Почему-то было неуютно присутствовать при демонстрации покупательской способности богатого родственника, в моих глазах это выглядело именно так. И хотя моя семья далеко не бедствовала, позволить себе машину стоимостью в несколько миллионов мы не могли.

– Завтра повезёшь Раю в университет на железном коне, – белозубо оскалившись, заявил Артур и довольно похлопал ладонью по капоту. – Зачем мёрзнуть? Правда, Рая?

– Да тут всего несколько остановок… – попыталась сопротивляться я, но увидев странный блеск в карих глазах, осеклась.

– Отвезу, без вопросов, – согласился Влад.

– Тебе хоть понравился подарок?

– Спрашиваешь! Конечно, просто очень неожиданно…

– Ну и отлично! Давайте за стол что ли вернёмся, а то мороз приличный. – Артур плотнее запахнул полы чёрного пальто и указал рукой в сторону подъезда.

Дальше вечер шёл тихо, без потрясений. Я успокоилась, позволила себе шутить и смеяться в приятной компании, наслаждаться обществом людей, ставших мне небезразличными. Артур к моей нескрываемой радости потерял ко мне интерес, ударившись в обсуждение своего бизнеса с отцом Влада. Ольга Дмитриевна рассказала много историй из детства моего парня, заставив моё сердце сжиматься от нежности, а Влад весело комментировал каждую свою детскую выходку.

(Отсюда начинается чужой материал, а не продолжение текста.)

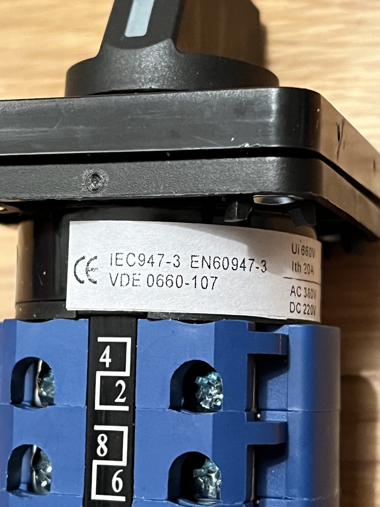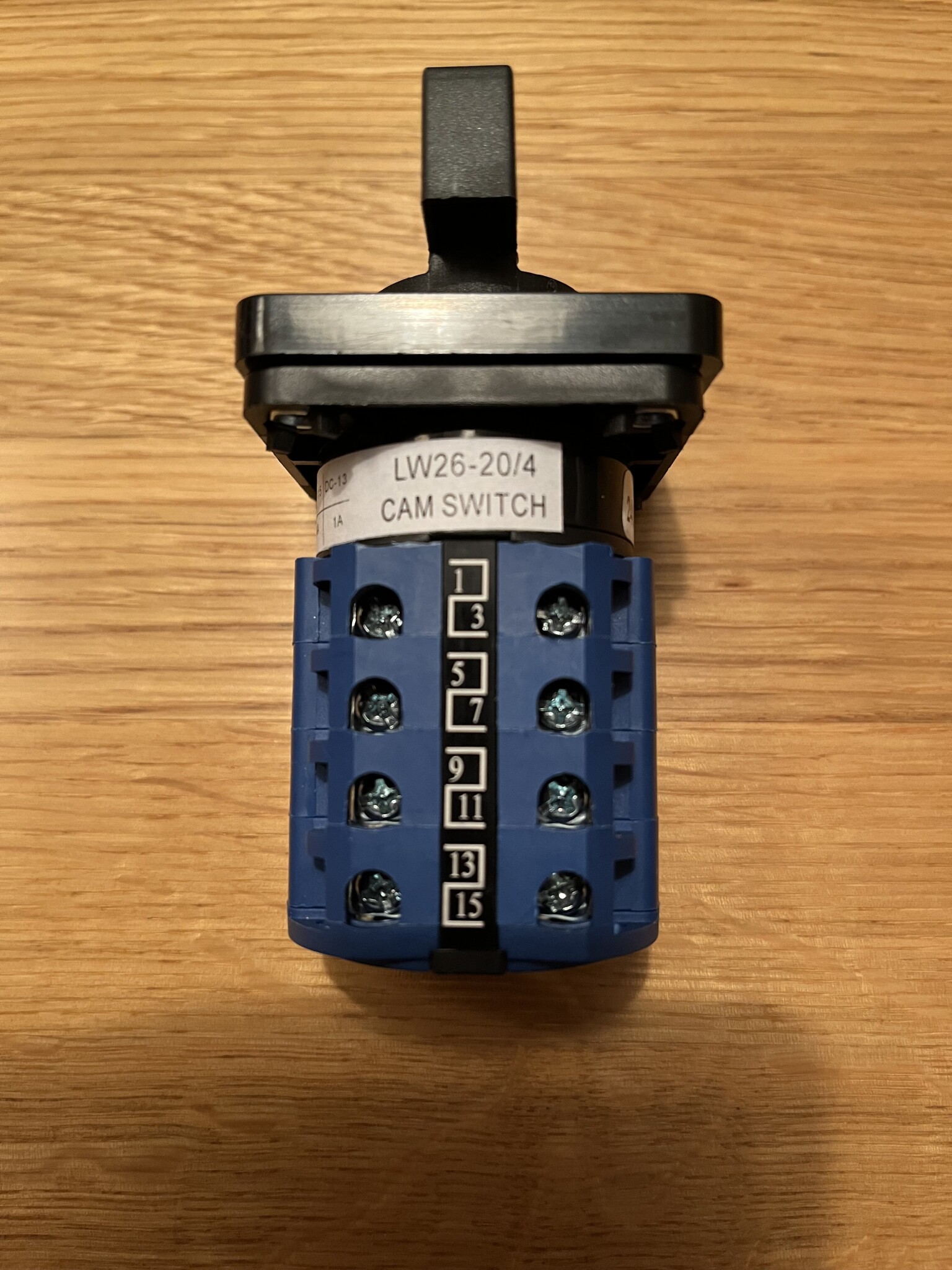 Är det någon som kan hjälpa mig med kopplingsschema till denna Vridomkopplare, vilken jag hade för avsikt att använda till en mindre 3-fas motor för att kunna ändra rotationsriktning?

Как же я мечтала стать частью этого, погрузиться в тёплую семейную атмосферу, почувствовать себя значимой и нужной – той, которая достойна, чтобы её возили на дорогом авто… И вот, моё желание исполнилось. Счастье наполнило душу до краёв, норовя вот-вот выйти из берегов. А когда, проходя мимо белого шикарного Мерседеса под руку с любимым человеком, я представила позеленевшее лицо сестры при виде меня, изящно выходящей из кожаного салона на парковке универа, радость и вовсе достигла апогея.

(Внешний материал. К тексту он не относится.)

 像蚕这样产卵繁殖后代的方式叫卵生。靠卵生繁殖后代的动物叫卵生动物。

Теперь можно смело предложить Аде вместе встречать Новый год. Она мне больше не соперница.

Глава 20

Ада

Опять этот день… До невозможности печальный, разбивающий сердце вдребезги снова и снова, год за годом. День, когда понимаешь, насколько хрупким бывает человеческое счастье.

Сегодня всё могло быть по-другому. Так, как показывают в фильмах про большие дружные семьи. Я бы проснулась раньше всех, надула самые красивые и большие шарики, воткнула именинную свечку в заранее купленный кекс, и, поцеловав пухлую сонную щечку моего любимого мальчика, тихонько разбудила его и поздравила с новым годом жизни.

Но вместо этого я поеду с подарком на кладбище… Жестокая правда, от которой не скрыться.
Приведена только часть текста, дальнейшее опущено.